25 Mar 2020, 13:58
Benjamin Wehrmann

Nuclear plant in Germany taken offline, corona crisis impacts on deconstruction plans

Passauer Neue Presse / Clean Energy Wire

The nuclear plant Gundremmingen in Bavaria will go offline until the end of March or early April due to a malfunctioning fuel element that needs replacing, the Passauer Neue Presse reports. A spokesperson from the plant, which is primarily owned by energy company RWE, said the disturbance does not pose a danger to the public as the plant is designed to cope with this sort of functional disorder. Another plant shutdown had already been scheduled for June, when Gundremmingen will go into a month-long annual review mode. Block B of the south German plant was taken offline at the end of 2017 in line with the country's planned nuclear power phase-out, which is scheduled for completion by the end of 2022. Gundremmingen is due to go offline completely one year earlier at the end of 2021. 

Meanwhile, energy company EnBW said Germany’s coronavirus outbreak has impacted deconstruction plans for its Philippsburg nuclear plant in Baden-Wurttemberg.
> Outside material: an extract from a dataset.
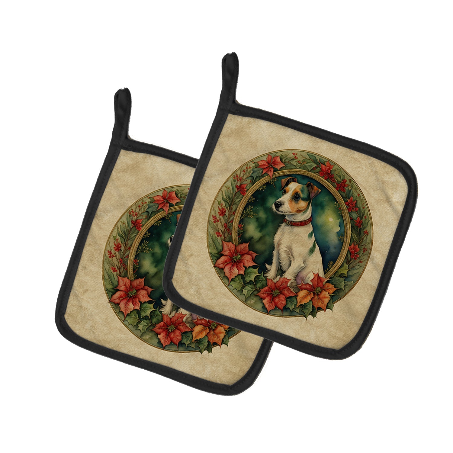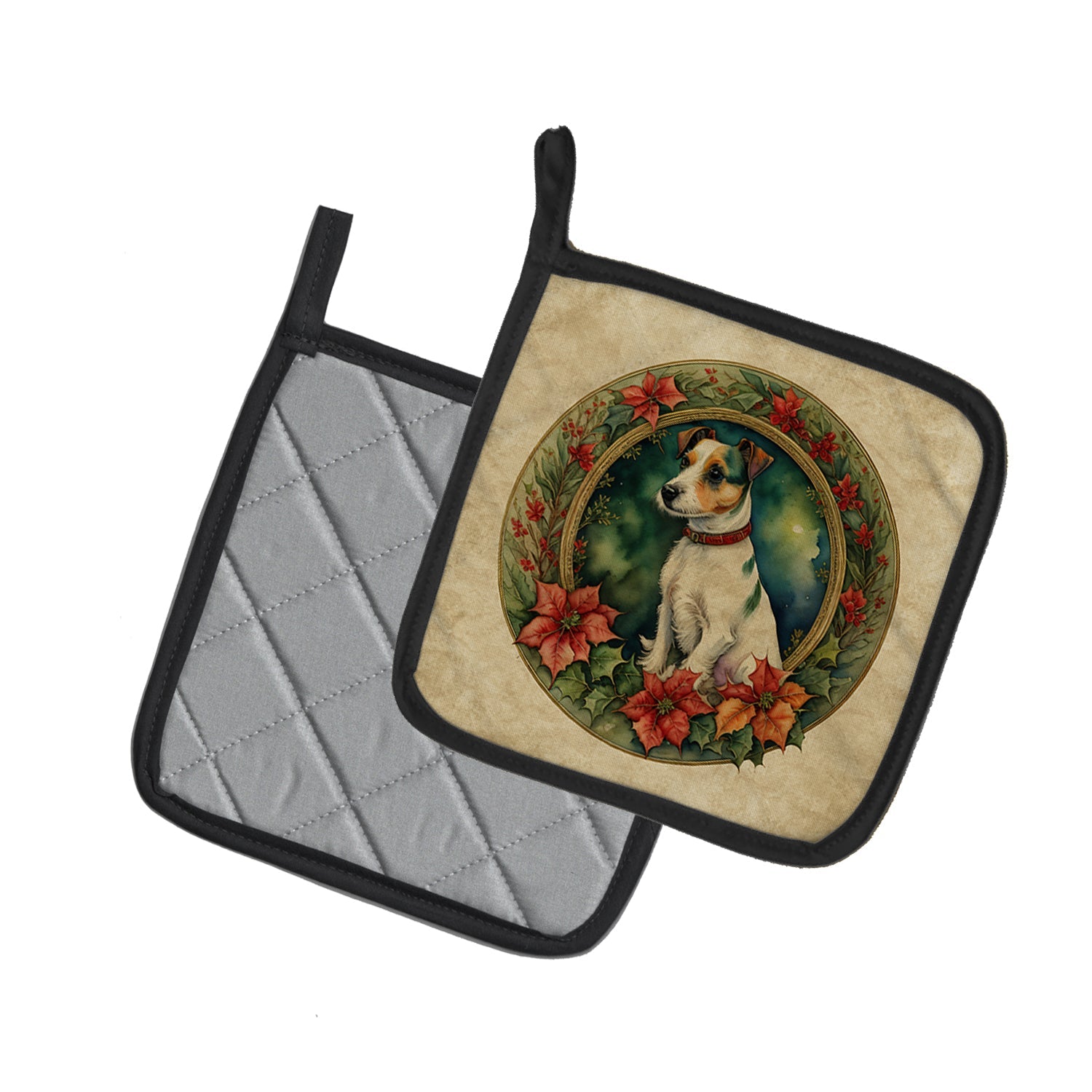Decorate your space with our Christmas Jack Russell Terrier artwork on a Pair of Pot Holders. Bring a bit of Winter into your home with a Winter Pair of Pot Holders. A Pair of Pot Holders to match your kitchen decor. Made in the USA these are thick and functional. Full color artwork decorates the front polyester fabric of the hot pad and accented by a black trim. Use these at as a trivet for your Thanksgiving or Christmas tablescape. Filled with insulated fabric and quilted for durability. These colorful pot holders will make a great gift for your favorite home cook or executive chef. Each pot holder measures approximately 7 1/2 inches by 7 1/2 inches. A hanging tab is included.

The controlled detonation of the plant's cooling towers will take place in mid-May at the earliest and the company will heed "responsible behaviour given the circumstances" for determining the exact demolition date. "When the detonation will take place exactly is completely open at this point," said EnBW's nuclear division head Jörg Michels. He added that a timely removal of the cooling towers is prerequisite for guaranteeing a secure power supply in southern Germany, as the area currently occupied by nuclear plant components is needed for a transformer station for long-distance power lines. These will transport electricity from renewable sources from the country's windy north to industrial centres in the south.

As of early 2020 there still were six nuclear plants in operation in the country. According to research institute Fraunhofer ISE, nuclear power provided about 14 percent of Germany's net electricity last year, less than half as much as in the year 2000. However, the shutdown of Gundremmingen's bloc B meant that Bavaria had to import large volumes of electricity in 2018 for the first time ever. Energy market observers say Germany must move quickly to get its renewables expansion back on track if the country wants to avoid a "green power gap" forcing it to rely on power imports or fossil reserve capacities as it phases out nuclear and coal power in the coming years.